H200 Partition

The H200 partition is comprised of 6 nodes with 54 H200 GPUs. Access to this partition is limited and is only available by direct request from a faculty PI.

General use of an H200 GPU

We have enabled MIG on some of the GPUs within the H200ea partition.

Slurm settings:

Account: h200ea
Partition: h200ea
--gres=gpu:h200

Fractionalized GPUs

Two GPUs on dcc-h200-gpu-05 (0 and 1) have been fractionalized (one into 7 parts and one into 2 parts).

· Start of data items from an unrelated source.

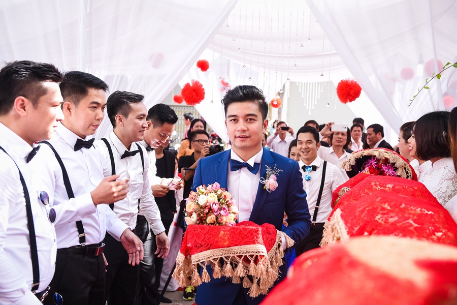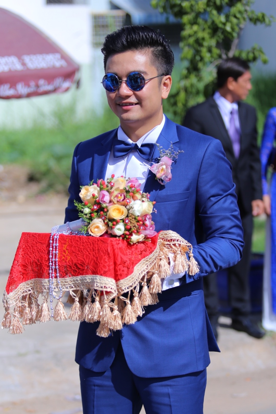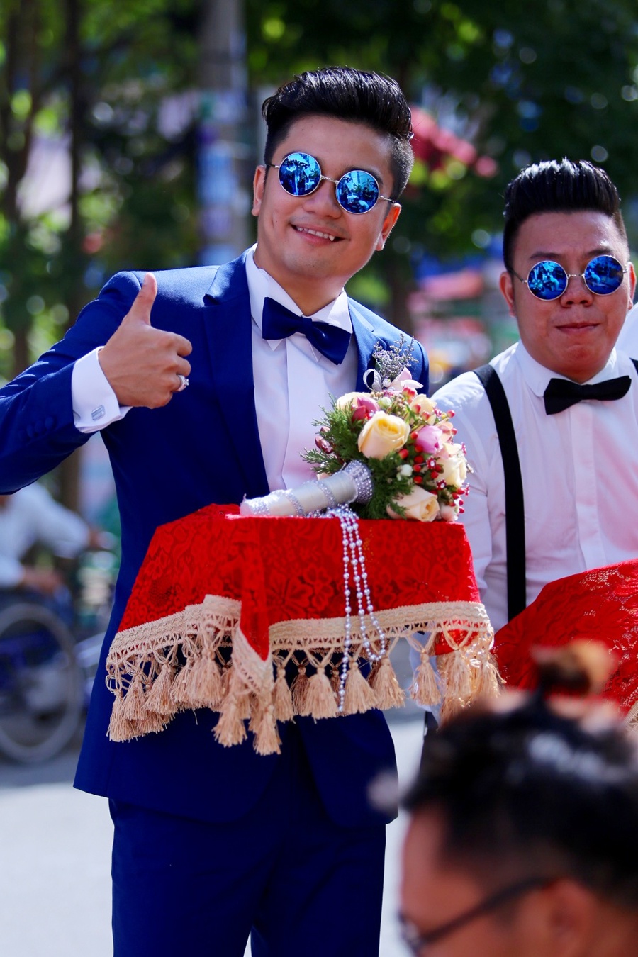 | Đúng 9h, nhà trai có mặt. Chàng trai Việt kiều Australia diện trang phục vest xanh bảnh bảo, anh còn tạo ấn tượng khi đeo kính râm tạo dáng hài hước trước ống kính. |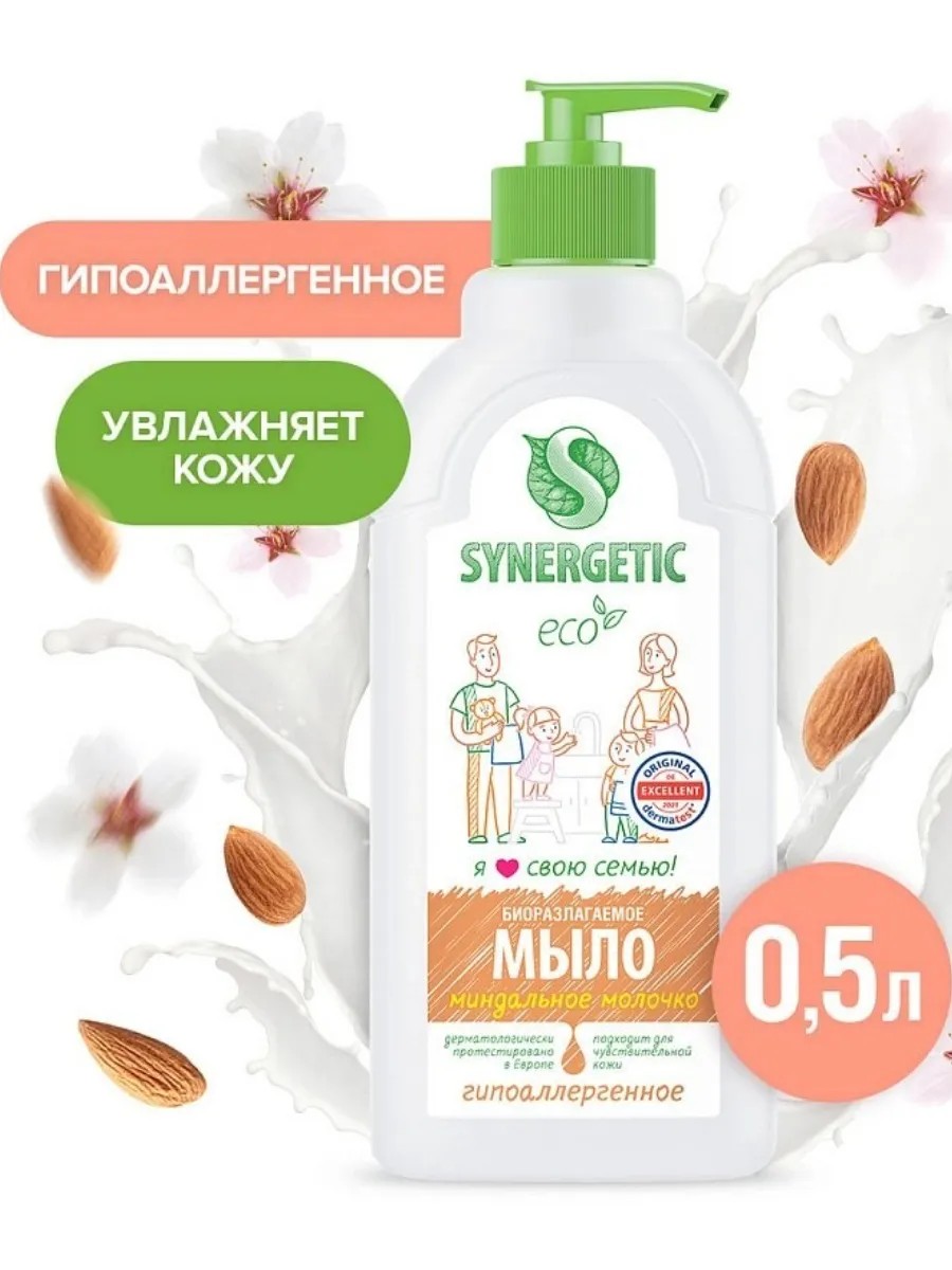 Биоразлагаемое увлажняющее мыло SYNERGETIC "Миндальное молочко" подходит для бережного очищения кожи рук и тела от любых загрязнений.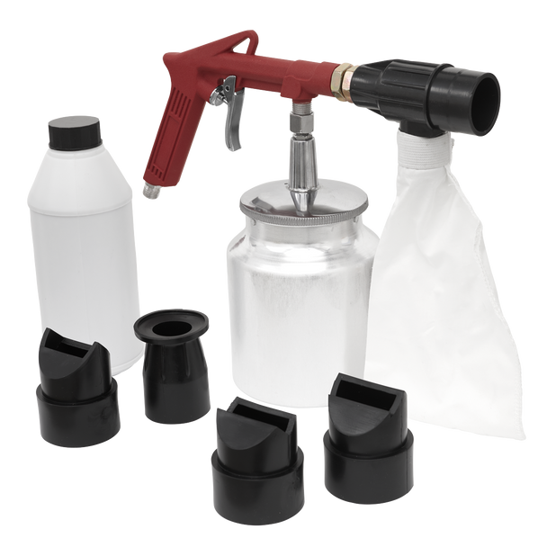 • Supplied with a set of four rubber nozzles for sealing the gun head to the panel and a 700g bottle of blasting grit.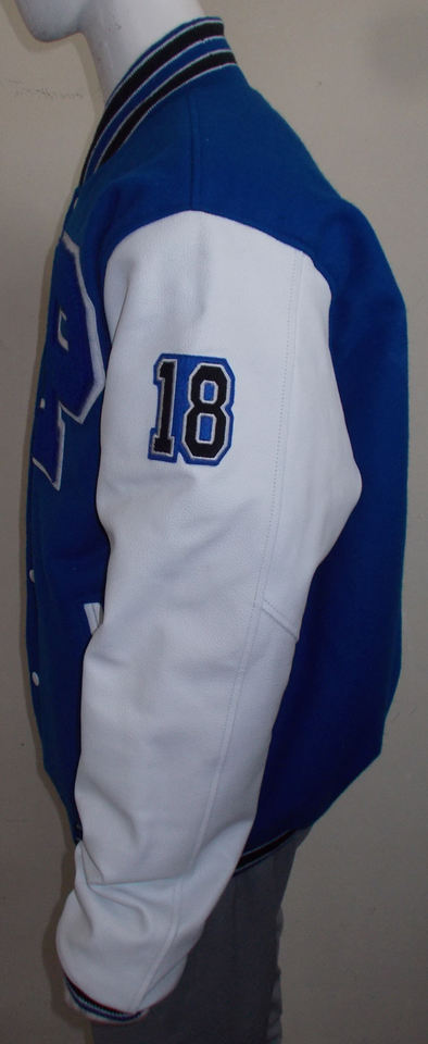 Blouson universitaire en laine brodé pour homme, blanc et bleu, col montant, coupe-vent, hiver
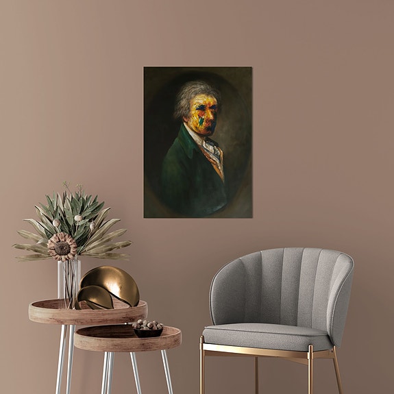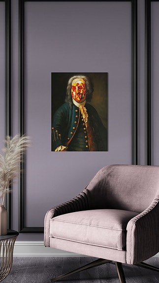En person i sort dragt med høj krave, næsten gejstlig i sin tilstedeværelse, men ansigtet eksploderer i blå, gule og røde farver. Det er som om sorgen er malet ind i selve huden, et udtryk for menneskelig sårbarhed bag tidens klæder.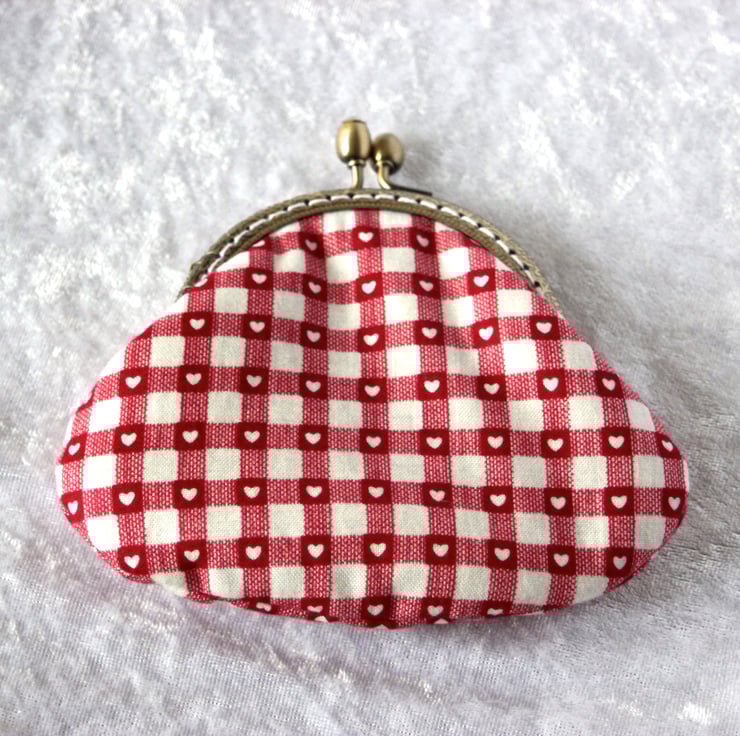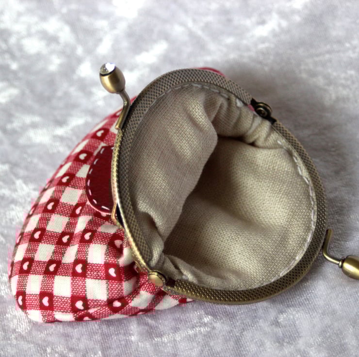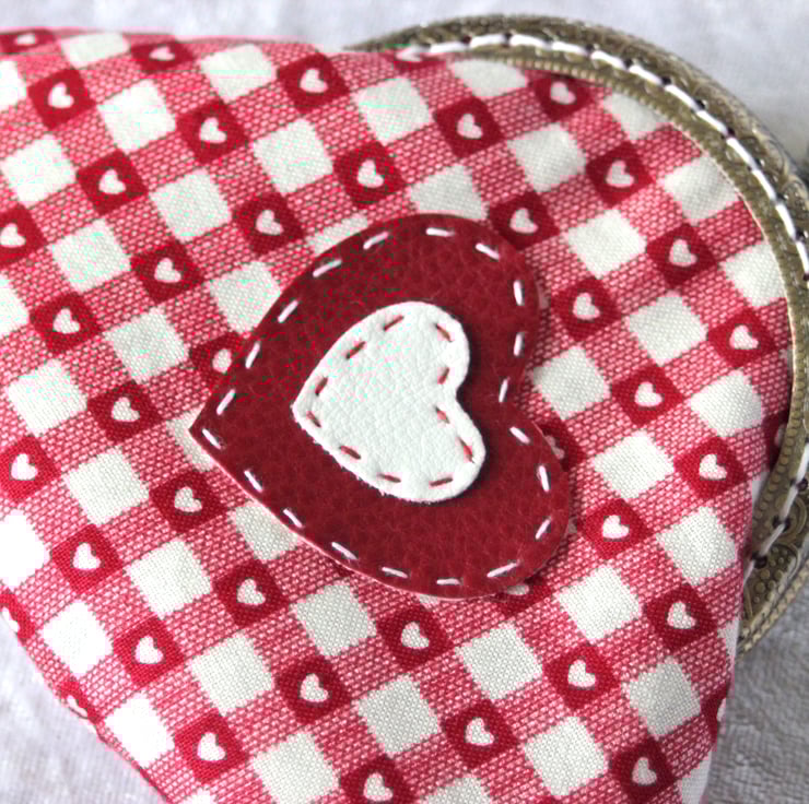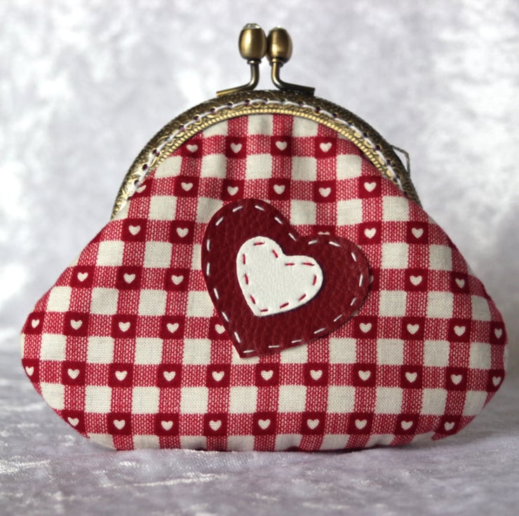 A little token of love that will last all year long and keep your small change safe. This clasp coin purse is made using 100% cotton fabric from the Scandi range by The Henley Studio. In a red and white pattern with a tiny heart motif I have embellished the front of the purse with two appliqued faux leather hearts. The lining is a cream linen style fabric and I have embroidered my initial and year of creation in red within the lining, so you know that you have purchased a Made in the Temple original.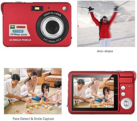 【Cámara digital multifunción】La cámara digital cuenta con varias funciones, como antivibración, detección de rostros, captura de sonrisas, disparador automático, etc. Admite tarjeta de memoria externa de clase 10 máx. hasta 128G (no incluido).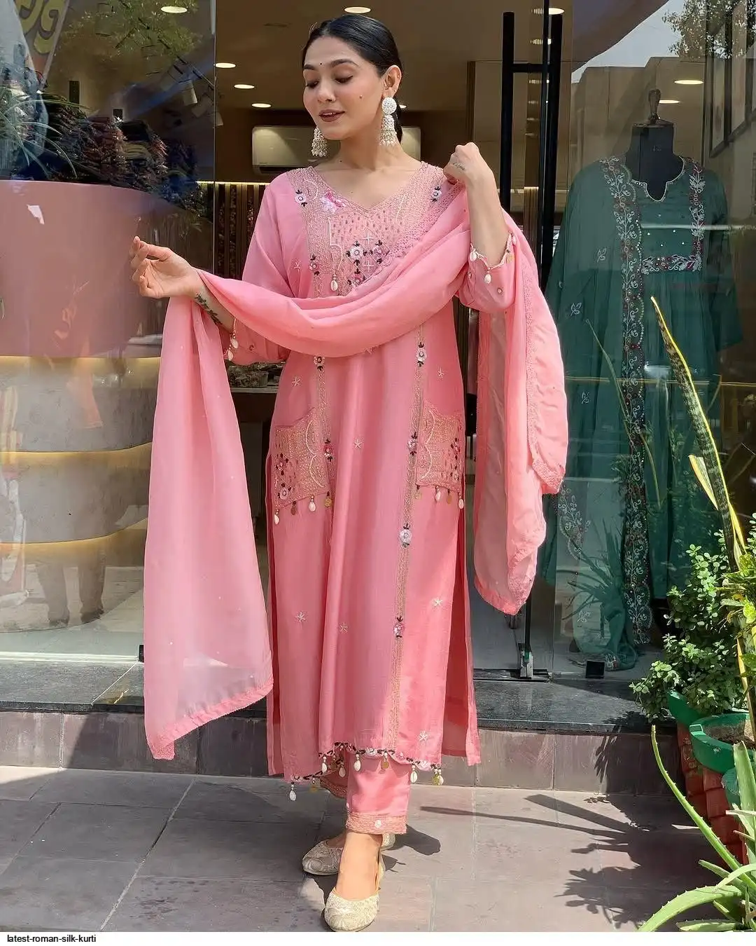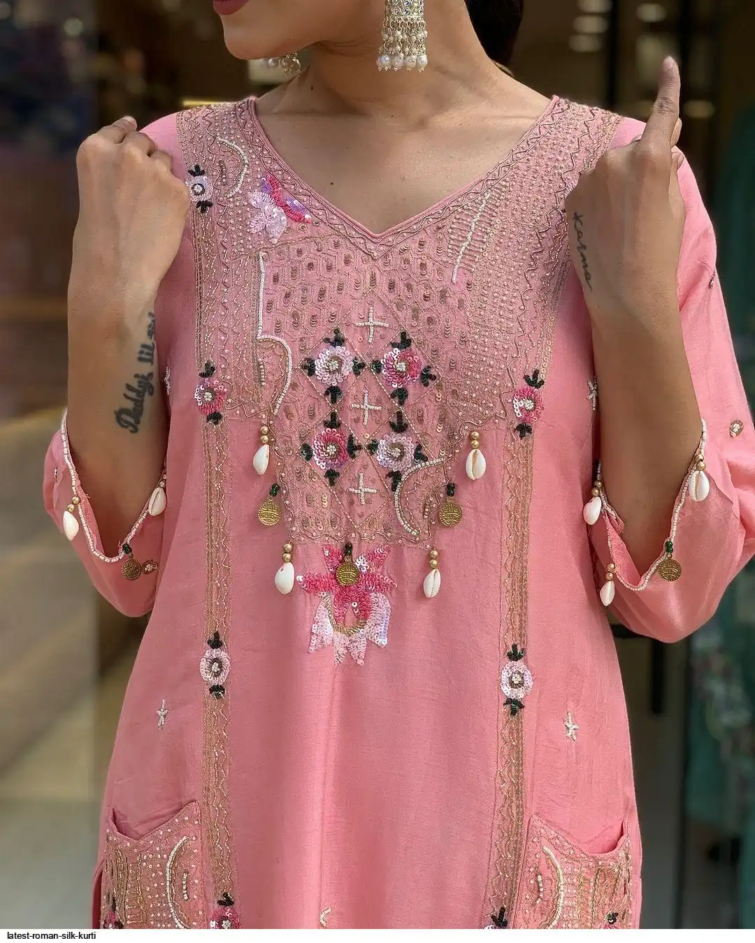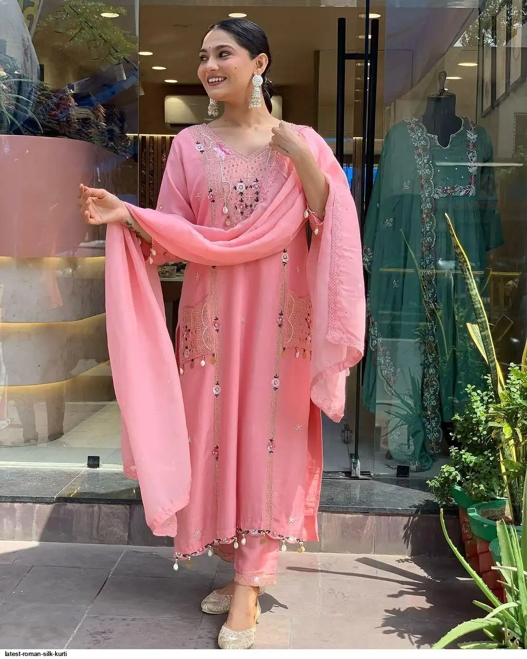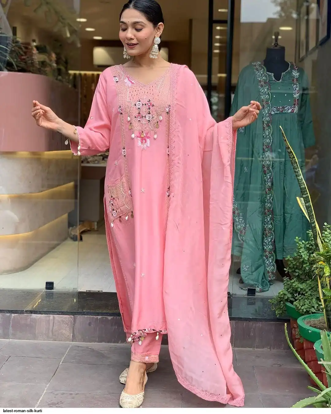 Our Exclusive Collection is here, to add a touch of tradition to your wardrobe. Featuring beautifully Crafted Pure Roman Silk Suits in beautiful Colours, which are decorated with finest sequence & Cowry Embroidery Work with Patch Print Detailing. A Must Have for Festivities!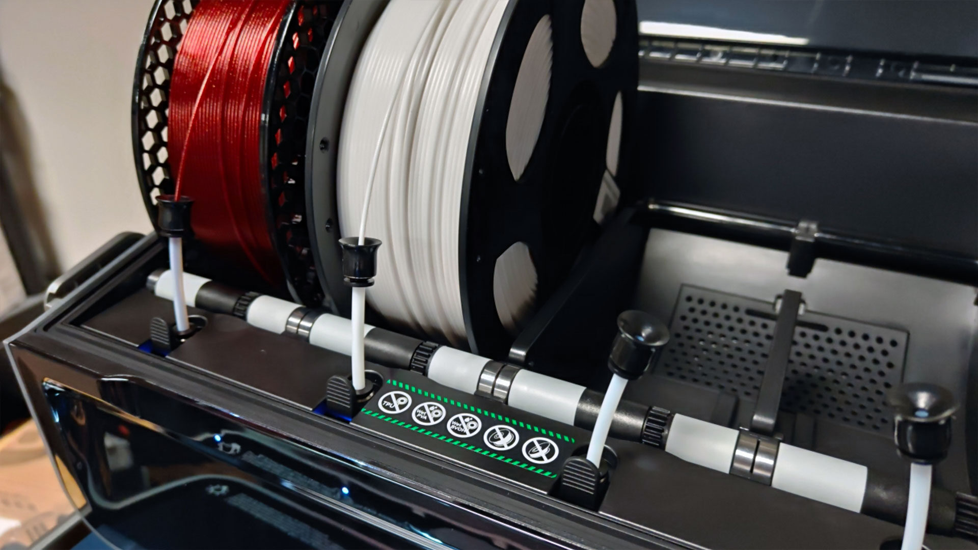 Two AI‑powered cameras monitor the print: one inside the chamber to detect issues like loose filament or a missing plate, and one on the toolhead to track how well the plastic is flowing. Over long tests, this setup helped the printer earn a reputation for steady, low‑stress printing.

Fractional GPUs can be requested with:

--gres=gpu: h200_1g.18gb:1
--gres= gpu:h200_4g.71gb:1
--gres= gpu:h200_3g.71gb:1

Submission

All h200ea jobs will need to specify the “gres” with the “h200” GPU type, e.g.

#SBATCH --gres=gpu:h200:1

This is to accommodate the MIG settings on dcc-h200-gpu-05.

Due to the increased usage of the h200ea partition, we ask that jobs that will require more than 72 hours to complete be limited to a single H200 GPU (7-day partition limit). If the jobs will require less than 72 hours, 2-GPU jobs can be submitted with the line

#SBATCH --time=72:00:00

added to the job script. There is currently a per user max GPU limit of 12 H200s allocated at one time.